Snapshot returns a snapshot of the job's current metrics.

type NoopHook

type NoopHook struct{}

NoopHook implements JobProgressHook by doing nothing. This is useful for embedding in other structs to overwrite only the methods of the interface that you care about.

func (NoopHook) End

func (NoopHook) EndEnumerating

func (NoopHook) EndEnumerating(JobProgressRef, time.Time)

func (NoopHook) EndUnitChunking

func (NoopHook) EndUnitChunking(JobProgressRef, SourceUnit, time.Time)

func (NoopHook) Finish

func (NoopHook) Finish(JobProgressRef)

func (NoopHook) ReportChunk

func (NoopHook) ReportChunk(JobProgressRef, SourceUnit, *Chunk)

func (NoopHook) ReportError

func (NoopHook) ReportError(JobProgressRef, error)

func (NoopHook) ReportUnit

func (NoopHook) ReportUnit(JobProgressRef, SourceUnit)

func (NoopHook) Start

func (NoopHook) Start(JobProgressRef, time.Time)

func (NoopHook) StartEnumerating

func (NoopHook) StartEnumerating(JobProgressRef, time.Time)
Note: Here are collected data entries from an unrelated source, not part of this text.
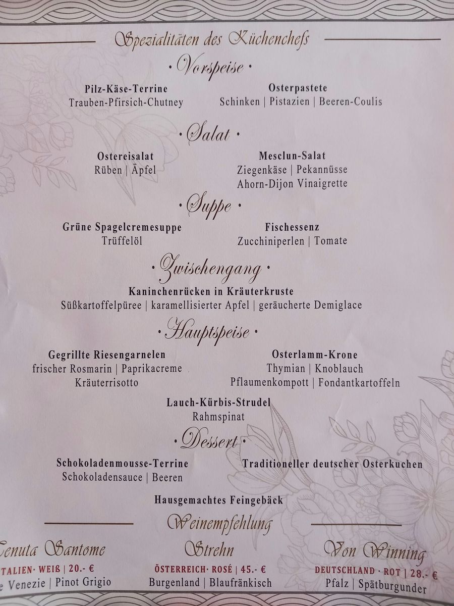 Abends gab es in allen Restaurants das selbe leckere Ostermenü.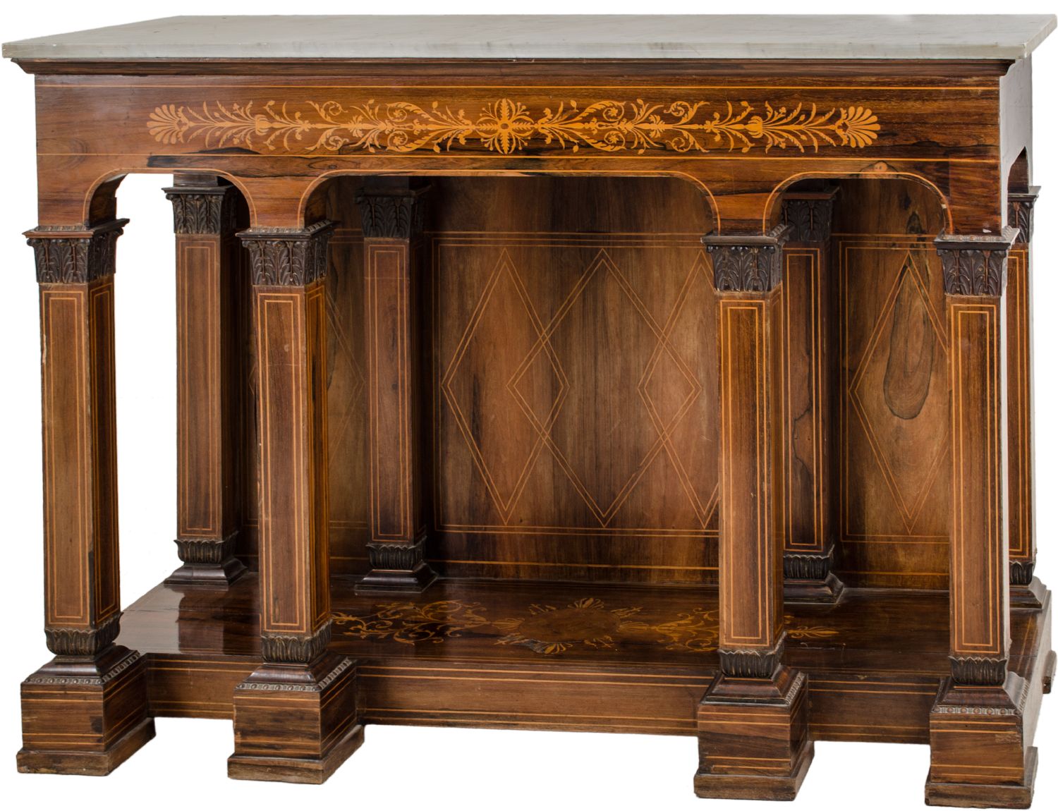 CONSOLE Carlo X in palissandro con tarsie in bosso, piano in marmo bianco di...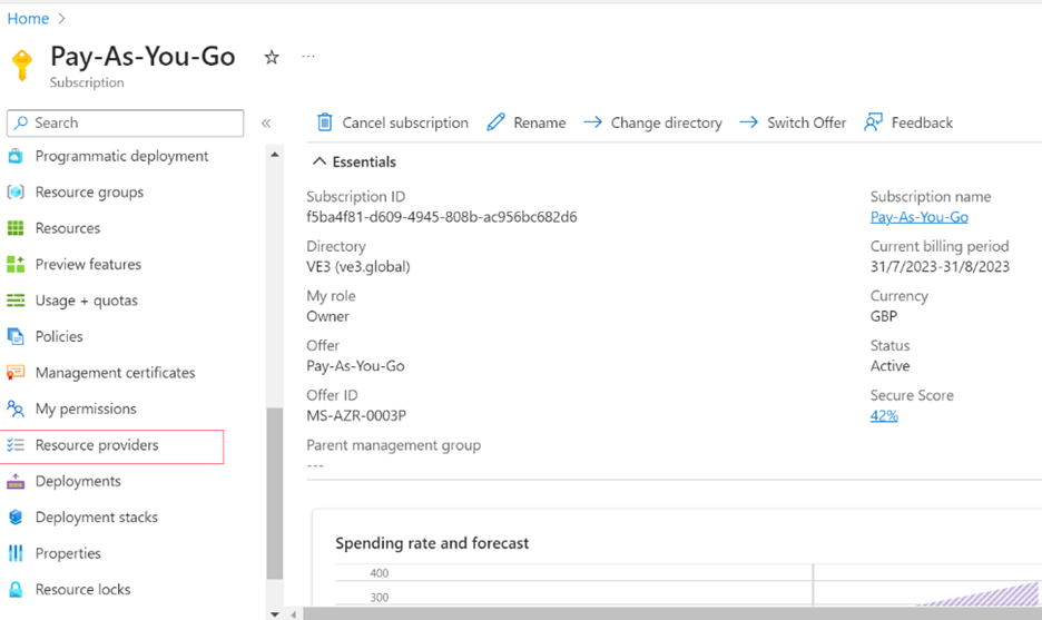 2. Navigate to the Azure Home page, open your subscription, in our case, pay-as-you-go, and select Resource Provider.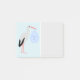 This awesome post it note pad features a graphic image of a cute white Stork with black tail feathers holding onto a pale blue bundle of blankets. There is blue text on the bundle that says "Baby Boy". This design is perfect for celebrating a baby boy.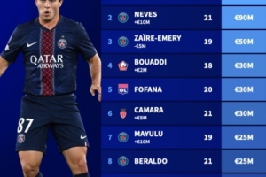 体育资讯10月11日讯 德国转会市场更新了法甲球员最新身价情况,在U21球员中,杜埃和若昂-内维斯以9000万欧并列榜首,排名前10的球员中有5名都来自巴黎圣日耳曼。

func (NoopHook) StartUnitChunking

func (NoopHook) StartUnitChunking(JobProgressRef, SourceUnit, time.Time)

type PostmanConfig

type PostmanConfig struct {
	// Workspace UUID(s) or file path(s) to Postman workspace (.zip)
	Workspaces []string
	// Collection ID(s) or file path(s) to Postman collection (.json)
	Collections []string
	// Environment ID(s) or file path(s) to Postman environment (.json)
	Environments []string
	// Token is the token to use to authenticate with the API.
	Token string
	// IncludeCollections is a list of Collections to include in the scan.
	IncludeCollections []string
	// IncludeEnvironment is a list of Environments to include in the scan.
	IncludeEnvironments []string
	// ExcludeCollections is a list of Collections to exclude in the scan.
	ExcludeCollections []string
	// ExcludeEnvironment is a list of Environments to exclude in the scan.
	ExcludeEnvironments []string
	// Concurrency is the number of concurrent workers to use to scan the source.
	Concurrency int
	// CollectionPaths is the list of paths to Postman collections.
	CollectionPaths []string
	// WorkspacePaths is the list of paths to Postman workspaces.
	WorkspacePaths []string
	// EnvironmentPaths is the list of paths to Postman environments.
	EnvironmentPaths []string
	// Filter is the filter to use to scan the source.
	Filter *common.Filter
}

PostmanConfig defines the optional configuration for a Postman source.

type Progress

type Progress struct {
	PercentComplete   int64
	Message           string
	EncodedResumeInfo string
	SectionsCompleted int32
	SectionsRemaining int32
	// contains filtered or unexported fields
}

Progress is used to update job completion progress across sources.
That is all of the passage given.